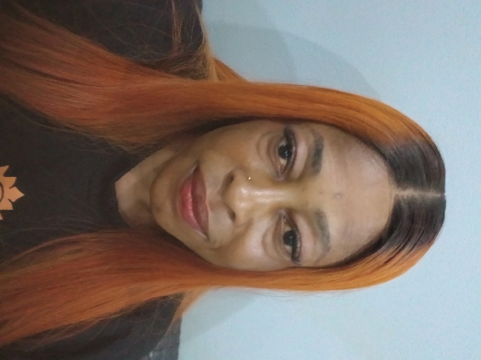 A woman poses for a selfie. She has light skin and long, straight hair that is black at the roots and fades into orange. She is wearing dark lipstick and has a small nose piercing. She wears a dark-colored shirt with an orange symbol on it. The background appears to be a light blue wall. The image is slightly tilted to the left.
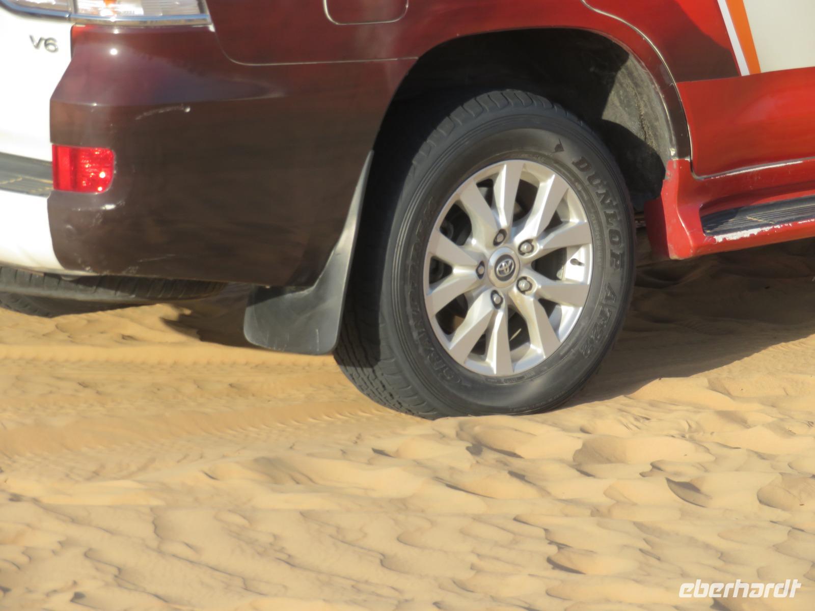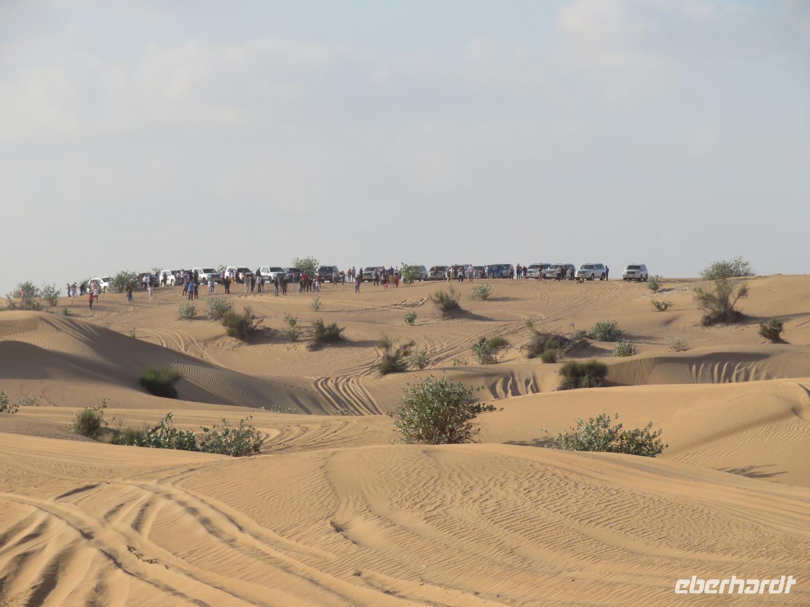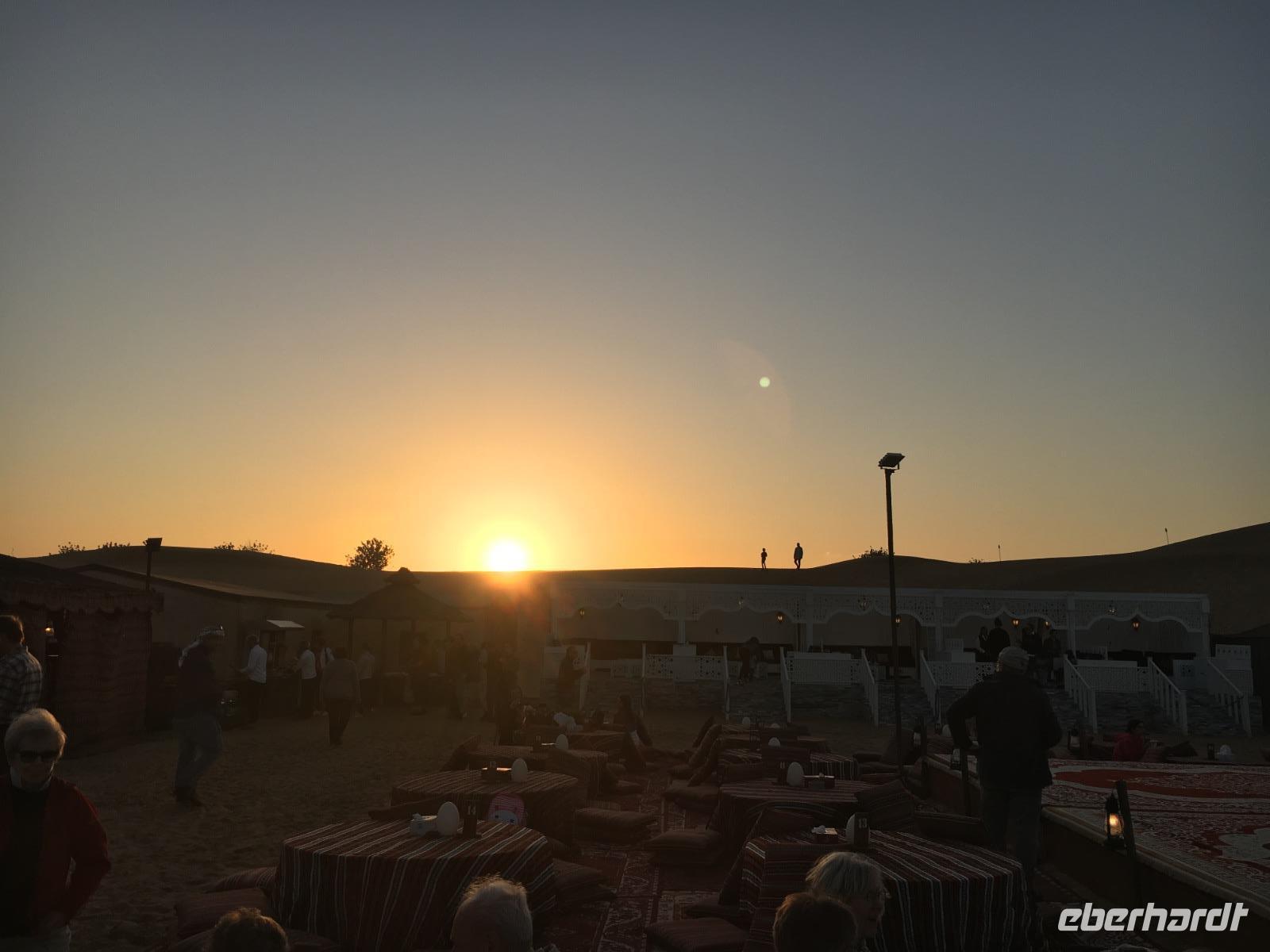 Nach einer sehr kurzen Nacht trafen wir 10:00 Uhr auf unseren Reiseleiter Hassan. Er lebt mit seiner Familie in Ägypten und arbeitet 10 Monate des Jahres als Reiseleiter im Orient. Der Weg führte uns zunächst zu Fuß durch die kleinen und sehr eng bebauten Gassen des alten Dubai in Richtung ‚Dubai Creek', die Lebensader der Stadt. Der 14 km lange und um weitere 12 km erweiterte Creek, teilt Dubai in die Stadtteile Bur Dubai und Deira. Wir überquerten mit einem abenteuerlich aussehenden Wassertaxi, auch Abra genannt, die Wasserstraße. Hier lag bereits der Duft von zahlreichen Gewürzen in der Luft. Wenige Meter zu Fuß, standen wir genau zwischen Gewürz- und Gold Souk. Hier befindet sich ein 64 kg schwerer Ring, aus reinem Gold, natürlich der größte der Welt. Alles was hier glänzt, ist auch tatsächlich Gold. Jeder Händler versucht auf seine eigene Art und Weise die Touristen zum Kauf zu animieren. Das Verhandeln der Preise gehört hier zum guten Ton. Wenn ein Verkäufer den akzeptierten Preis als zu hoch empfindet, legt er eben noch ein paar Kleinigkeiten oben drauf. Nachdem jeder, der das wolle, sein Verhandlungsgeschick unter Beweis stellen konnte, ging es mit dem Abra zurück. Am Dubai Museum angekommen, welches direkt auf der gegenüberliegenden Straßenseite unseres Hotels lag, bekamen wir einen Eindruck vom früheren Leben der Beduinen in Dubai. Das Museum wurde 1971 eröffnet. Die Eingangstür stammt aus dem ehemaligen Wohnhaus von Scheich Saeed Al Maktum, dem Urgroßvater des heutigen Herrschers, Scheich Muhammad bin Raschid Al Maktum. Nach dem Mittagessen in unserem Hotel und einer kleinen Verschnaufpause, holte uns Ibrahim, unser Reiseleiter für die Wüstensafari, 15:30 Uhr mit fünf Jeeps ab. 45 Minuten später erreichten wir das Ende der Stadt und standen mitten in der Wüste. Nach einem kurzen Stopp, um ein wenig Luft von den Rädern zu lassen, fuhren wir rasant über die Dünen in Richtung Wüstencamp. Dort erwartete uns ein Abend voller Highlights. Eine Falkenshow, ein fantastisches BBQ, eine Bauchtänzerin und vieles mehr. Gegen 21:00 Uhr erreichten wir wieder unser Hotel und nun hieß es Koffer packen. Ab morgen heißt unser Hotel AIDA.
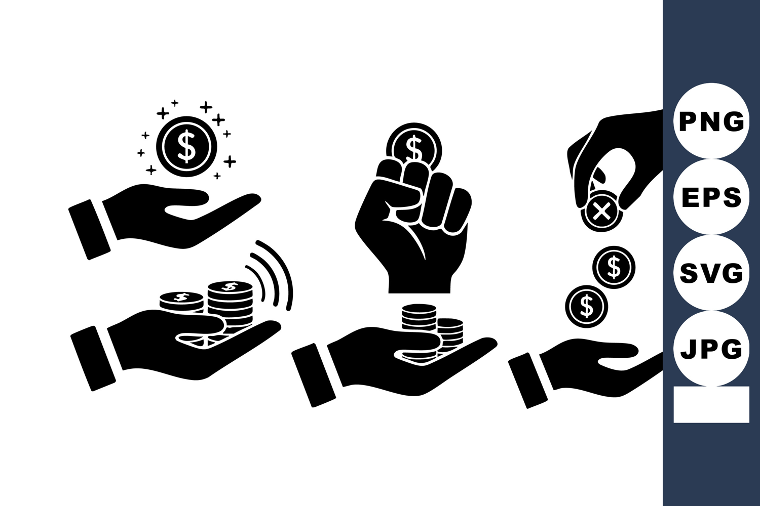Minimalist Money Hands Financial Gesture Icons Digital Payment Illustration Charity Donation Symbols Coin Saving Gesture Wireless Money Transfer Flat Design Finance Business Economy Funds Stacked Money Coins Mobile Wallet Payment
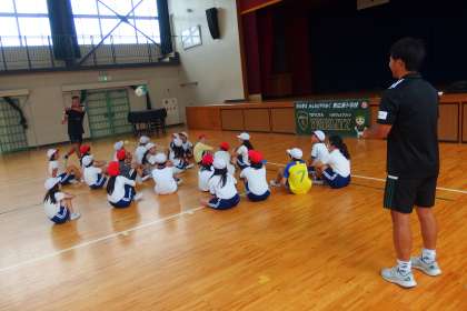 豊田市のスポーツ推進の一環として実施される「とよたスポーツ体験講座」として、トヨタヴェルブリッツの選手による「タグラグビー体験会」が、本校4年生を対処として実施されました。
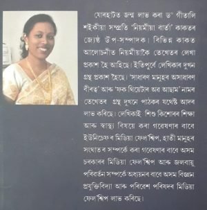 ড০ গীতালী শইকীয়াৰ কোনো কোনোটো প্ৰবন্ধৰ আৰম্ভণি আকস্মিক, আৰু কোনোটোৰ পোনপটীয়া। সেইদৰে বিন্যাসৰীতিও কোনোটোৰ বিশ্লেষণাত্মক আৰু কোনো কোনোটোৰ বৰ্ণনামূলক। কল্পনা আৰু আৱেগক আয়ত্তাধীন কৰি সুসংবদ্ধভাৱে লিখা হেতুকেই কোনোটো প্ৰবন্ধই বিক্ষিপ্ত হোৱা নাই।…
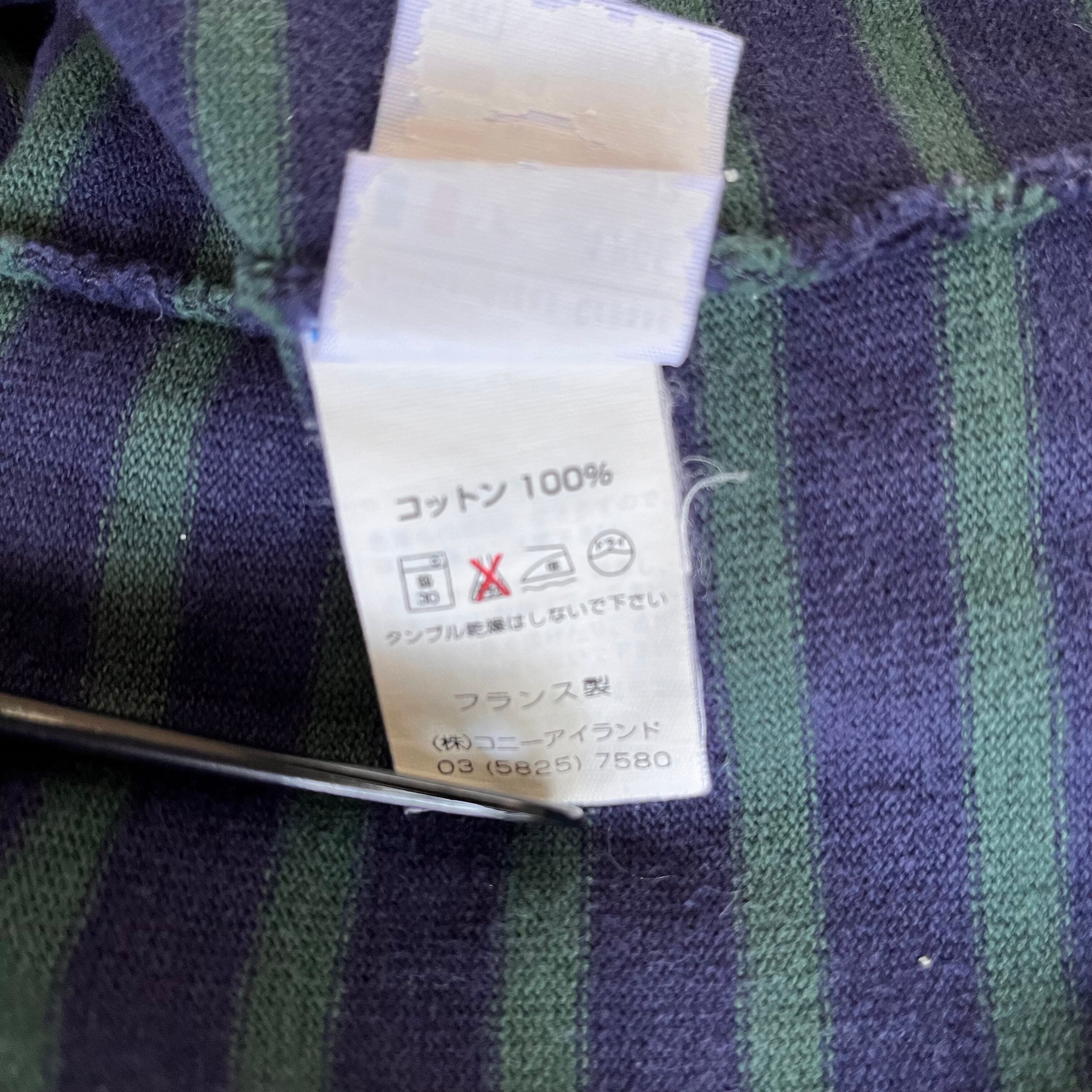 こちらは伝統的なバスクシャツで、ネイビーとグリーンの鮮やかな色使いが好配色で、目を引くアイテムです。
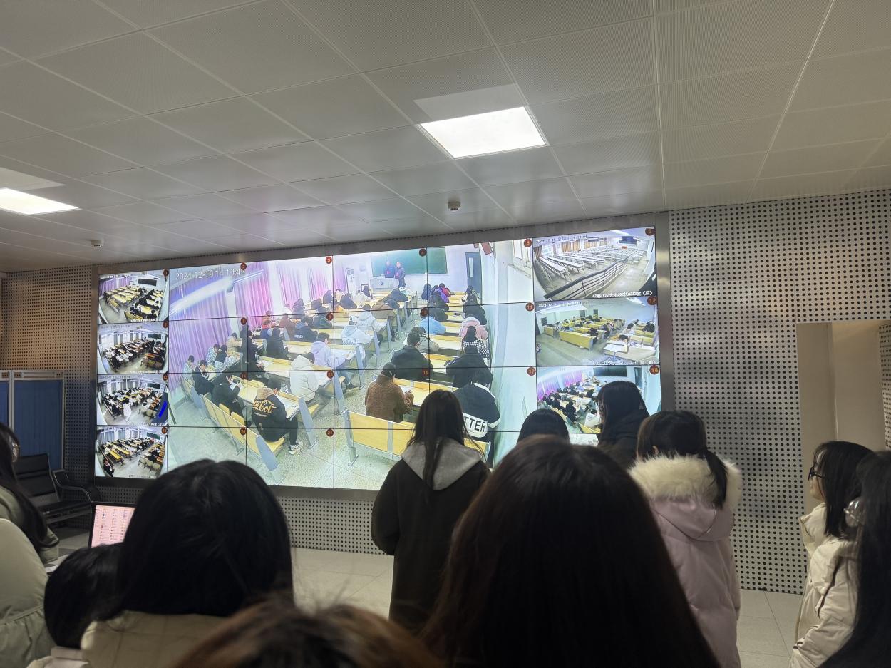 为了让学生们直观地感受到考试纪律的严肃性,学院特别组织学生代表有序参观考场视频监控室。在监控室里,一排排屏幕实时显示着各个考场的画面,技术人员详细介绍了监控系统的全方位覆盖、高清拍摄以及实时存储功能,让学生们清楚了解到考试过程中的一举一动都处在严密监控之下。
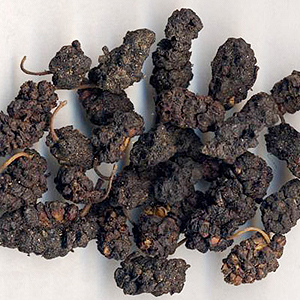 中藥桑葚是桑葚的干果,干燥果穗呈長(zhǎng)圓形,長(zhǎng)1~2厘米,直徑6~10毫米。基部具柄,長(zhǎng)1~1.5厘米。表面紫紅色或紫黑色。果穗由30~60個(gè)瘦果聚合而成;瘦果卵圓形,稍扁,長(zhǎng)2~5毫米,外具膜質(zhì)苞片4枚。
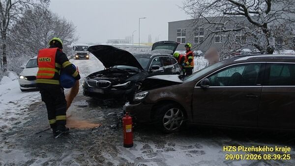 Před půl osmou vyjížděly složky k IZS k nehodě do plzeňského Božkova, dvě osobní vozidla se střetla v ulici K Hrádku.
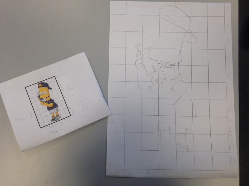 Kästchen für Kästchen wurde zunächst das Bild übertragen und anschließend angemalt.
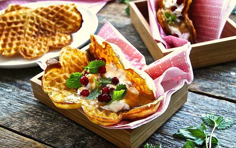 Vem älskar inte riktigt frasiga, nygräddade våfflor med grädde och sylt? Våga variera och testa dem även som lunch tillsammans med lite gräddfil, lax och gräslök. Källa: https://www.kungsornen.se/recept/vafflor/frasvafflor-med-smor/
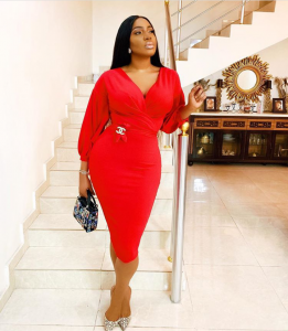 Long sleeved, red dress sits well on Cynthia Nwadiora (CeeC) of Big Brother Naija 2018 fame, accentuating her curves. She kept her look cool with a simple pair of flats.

****

**What the task asks:** Please repeat, exactly as written, the lines in the records above, starting with the one that has "中藥桑葚是桑葚的干果,干燥果" and going on through the one that has "Kästchen für Kästchen". Pictures are to be left out.

**Problem solution:**
 中藥桑葚是桑葚的干果,干燥果穗呈長(zhǎng)圓形,長(zhǎng)1~2厘米,直徑6~10毫米。基部具柄,長(zhǎng)1~1.5厘米。表面紫紅色或紫黑色。果穗由30~60個(gè)瘦果聚合而成;瘦果卵圓形,稍扁,長(zhǎng)2~5毫米,外具膜質(zhì)苞片4枚。
 Před půl osmou vyjížděly složky k IZS k nehodě do plzeňského Božkova, dvě osobní vozidla se střetla v ulici K Hrádku.
 Kästchen für Kästchen wurde zunächst das Bild übertragen und anschließend angemalt.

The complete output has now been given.